Assists in the day-to-day operations including incident management working w/the team to resolve the associated issues with the infrastructure and systems.
Develop and maintain automation and orchestration software and scripting to assist with Machine Learning code release management.
Prioritize and efficiently manage deployment and configuration tasks
Support of the containerized ecosystem
Workflow processes for
Data ingest (Python)
API provisioning service
Watchdog jobs monitoring for data and performing data ingest
Support of the hardware specific configurations, tuning, GPU support
Experience with enterprise standard Database systems (i.e. Oracle, Microsoft SQL Server) Experience at working both independently and in a team-oriented, collaborative environment is essential
Functional understanding of networking concepts; routing, switching, firewalls, load balancers, proxy services, & protocols (TCP, UPD, HTTP, TLS, SIP, SMTP, SNMP, LDAP)
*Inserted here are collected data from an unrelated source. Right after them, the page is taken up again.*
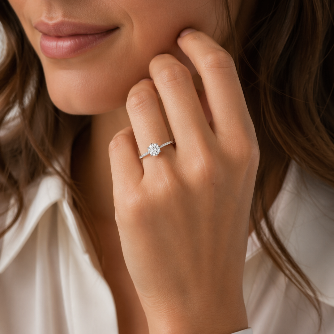Il solitario Anniversary Six di Recarlo si distingue per la montatura a sei punte, pensata per esaltare al massimo la luce del diamante centrale.
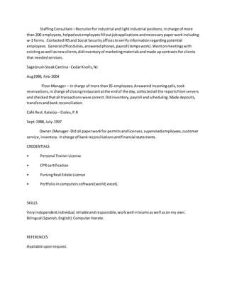 Migdalia Vega 24 Van Nostrand Ave Dover N J Resume PDF
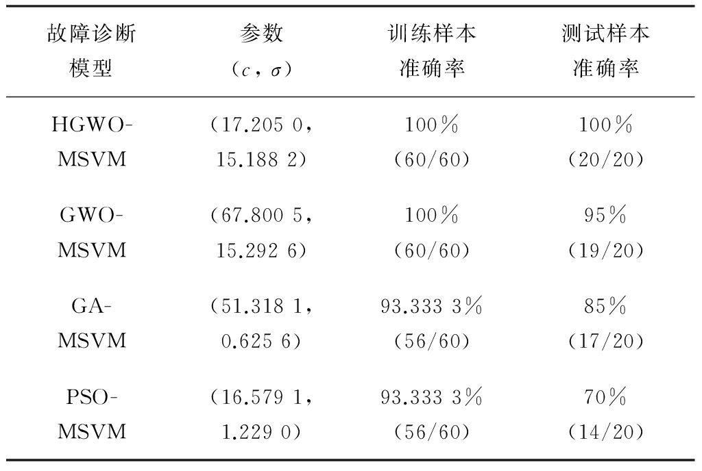 经过80组样本的学习拟合,建立了基于HGWO-MSVM、GWO-MSVM、GA-MSVM及PSO-MSVM的采煤机轴承故障诊断模型。参数设置如下:HGWO算法的种群范围是10,迭代上限是200,缩放因数下界是0.1,上界是0.9,交叉率是0.8。MSVM参数c的变化范围是0.01~100,σ的变化范围是0.01~100,交叉验证次数是5。GWO算法的种群范围是10,迭代上限是200。GA算法的种群范围是10,迭代上限是200,交叉概率是0.9,交叉验证次数是3。PSO算法的种群范围是10,迭代上限是200,速度调节参数为1.6和1.5,惯性权重是0.5。
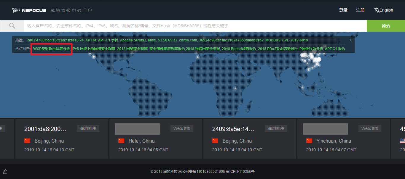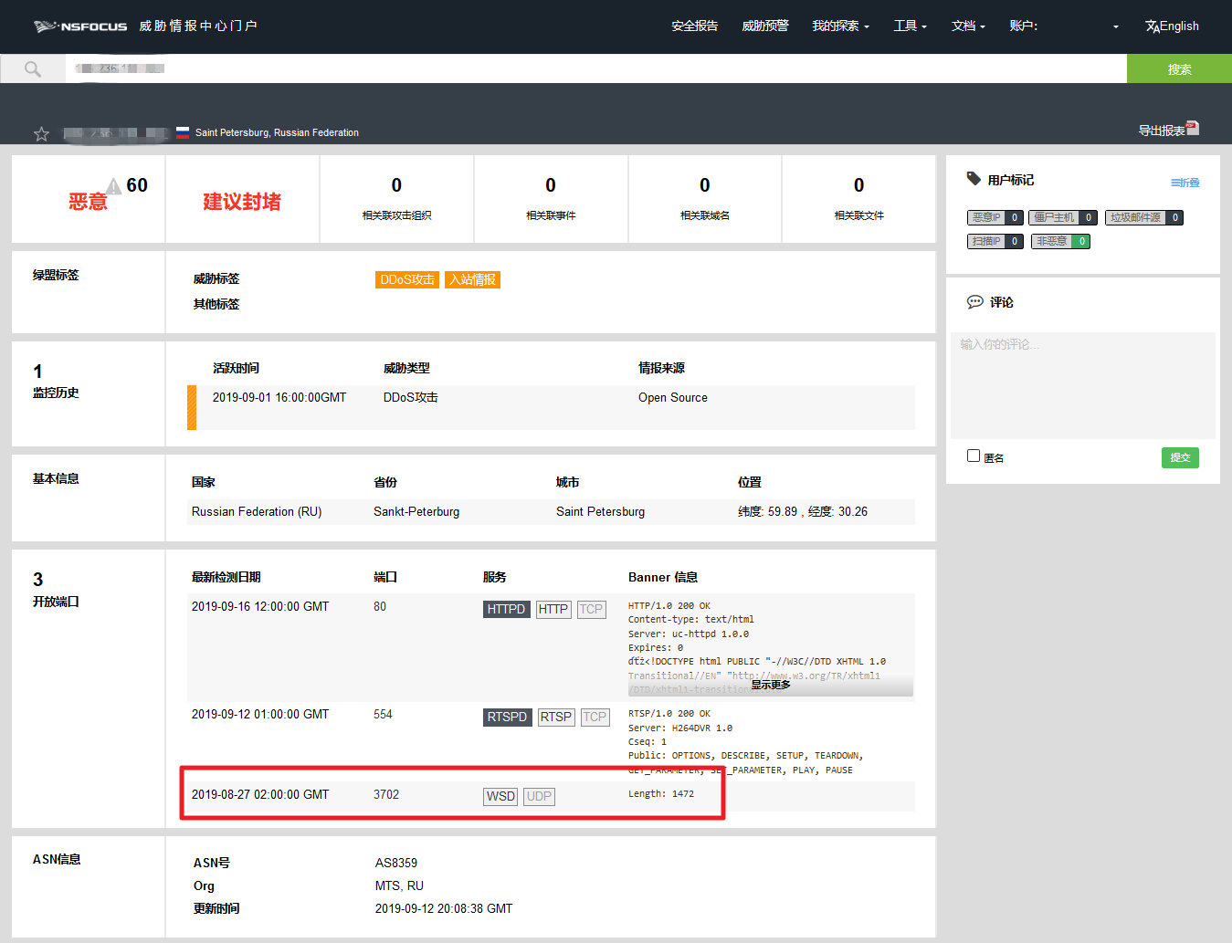 此外,绿盟威胁情报中心(NTI)一直支持对于WSD服务的检索,可提供最新WSD暴露资产情报并持续更新。
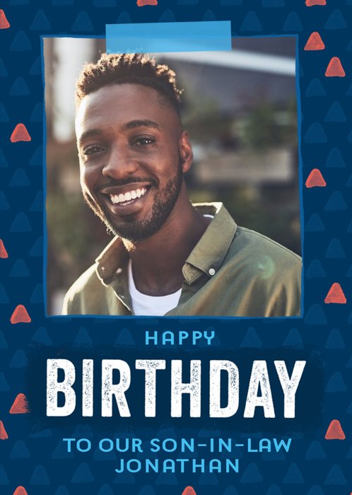 Blue Patterned Photo Upload Birthday Card
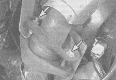 9.3. Патрубки выпускных коллекторов крепятся к выхлопной трубе болтами (показаны стрелками)
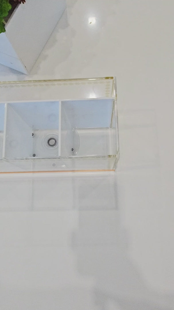 Elevate your kitchen or dining table with this elegant swivel silverware caddy. Made from durable clear acrylic, it features four spacious compartments to organize forks, knives, spoons, napkins, or straws. The 360° rotating base allows easy access from any angle. Finished with a decorative etched border and your choice of silver or gold trim, this utensil holder is perfect for everyday use, Shabbat, or entertaining.
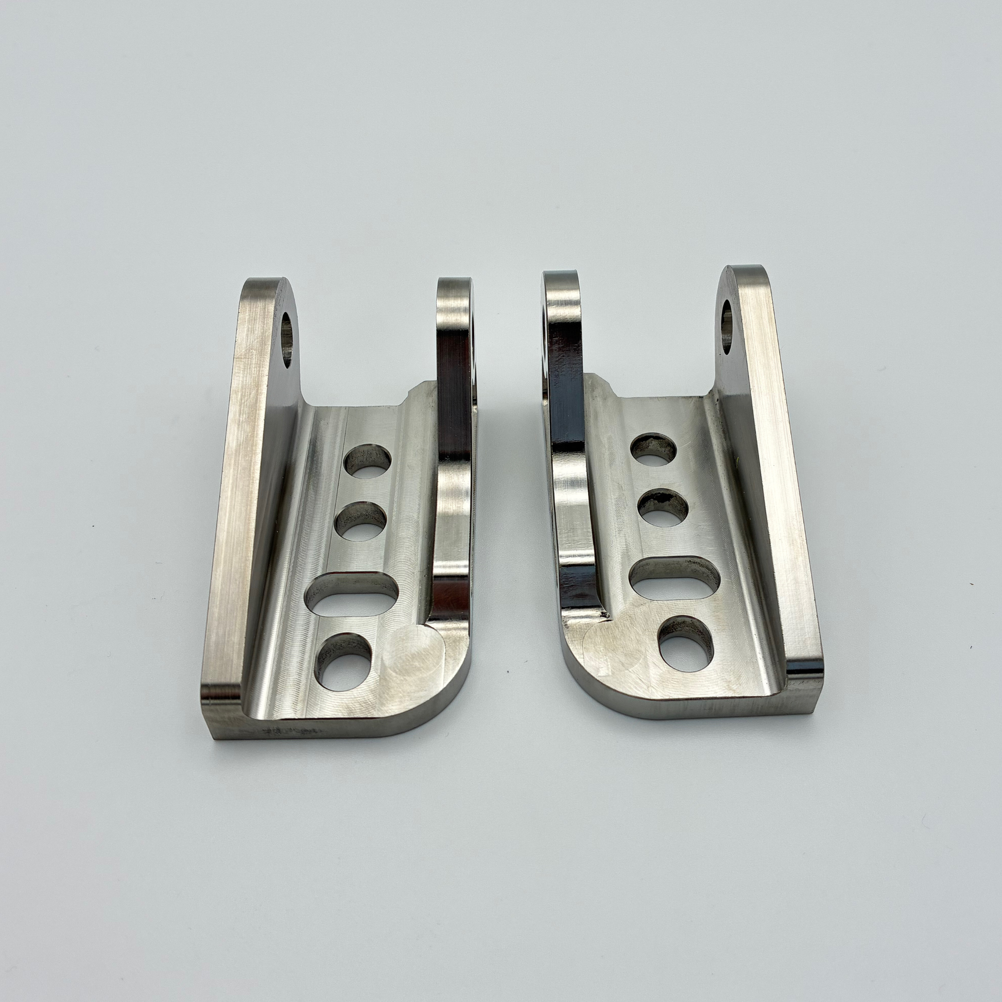 Grade 5 Ti6Al-4V heat treated titanium footrest hangers for the Triumph TF450-RC, TF450-X, and TF250-X. Direct replacements for OEM part numbers T2082972 (LH) and T2082971 (RH), offering improved durability and corrosion resistance over the standard aluminium components. Sold as a pair.
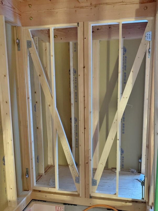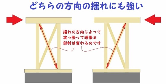 壁が2カ所並んでいる場合は、それぞれ筋交いの向きを変える事で
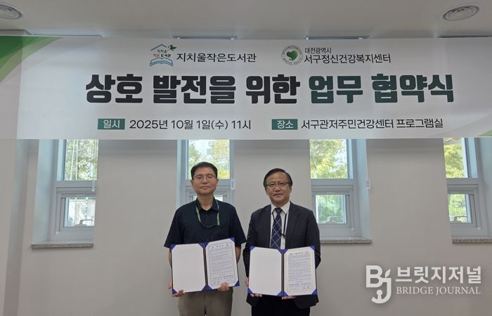브릿지저널 정보영 기자 | 대전 서구 평생학습원 지치울작은도서관과 서구정신건강복지센터는 상호 협력과 공동 발전을 위한 업무협약을 체결했다.
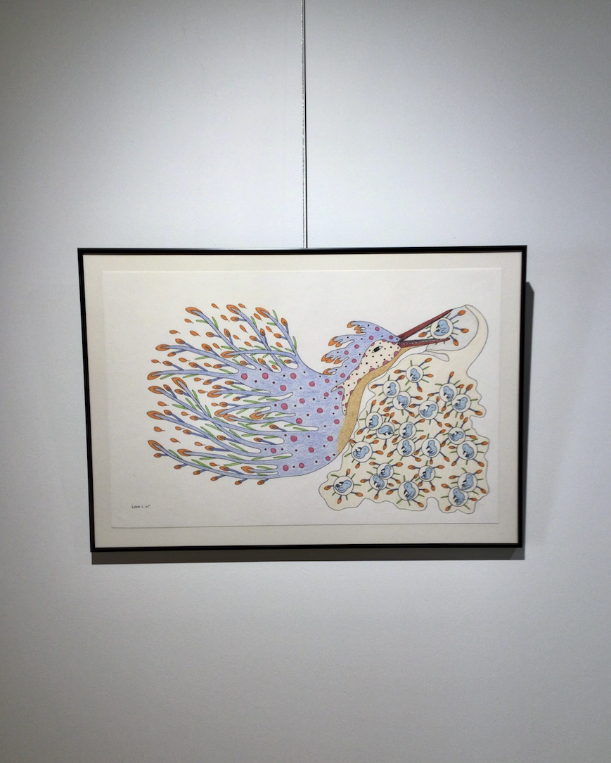 While some of his works depict animals and scenes from northern life with fine line and pattern, others explore transformation imagery, combining human, animal, and spirit forms in layered, often large-scale compositions. These more expansive works demonstrate a distinctive approach within the Kinngait drawing tradition, where observation and imagination intersect.
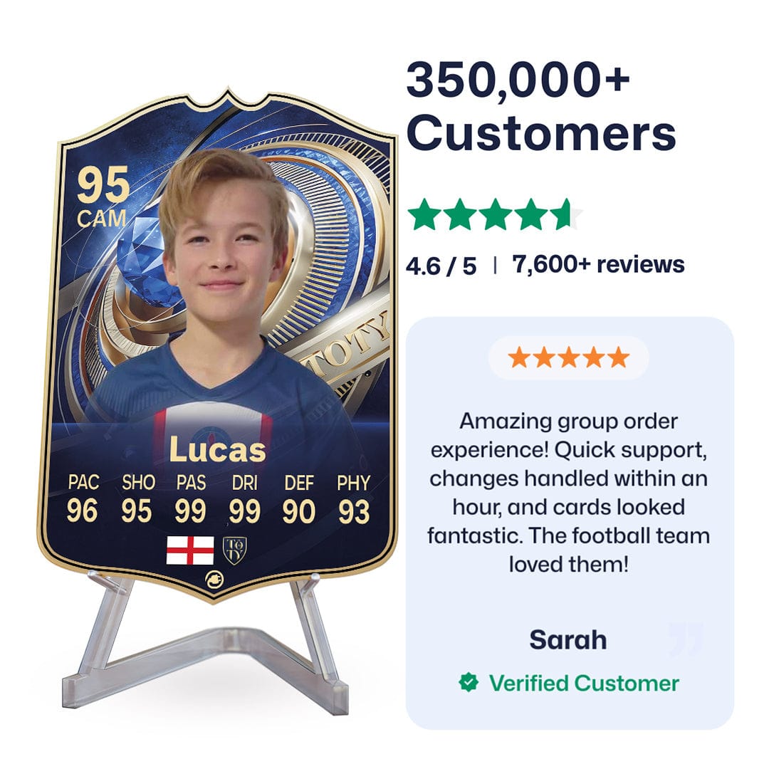 Once you’ve personalised your card, our design experts will edit your photo, design your card, and bring it to life in stunning quality. You’ll get a full preview before we print your card and every card’s quality is backed by our Gold Standard Guarantee. So far, over 350,000+ football fans agree: A CardsPlug football card is the ultimate football gift!

Customer service focused with excellent communication (written and verbal) and interpersonal skills. Must be able to effectively work with customers, coworkers, vendors and management
Experience in Python, PL/SQL
Experience in Unix shell scripting, PowerShell, and Bash
Working knowledge of containers and/or orchestration platforms (i.e. Docker, Singularity, Kubernetes, Rancher)
Prior application development experience using tools such as Jenkins, Gradle/Ant, SVN/Git, Artifactory, Automation
Understanding of computer HW and architecture specifically high performance compute (HPC) utilizing GPUs
Familiarity with agile methodology, ideally Scaled Agile Framework (SAFe)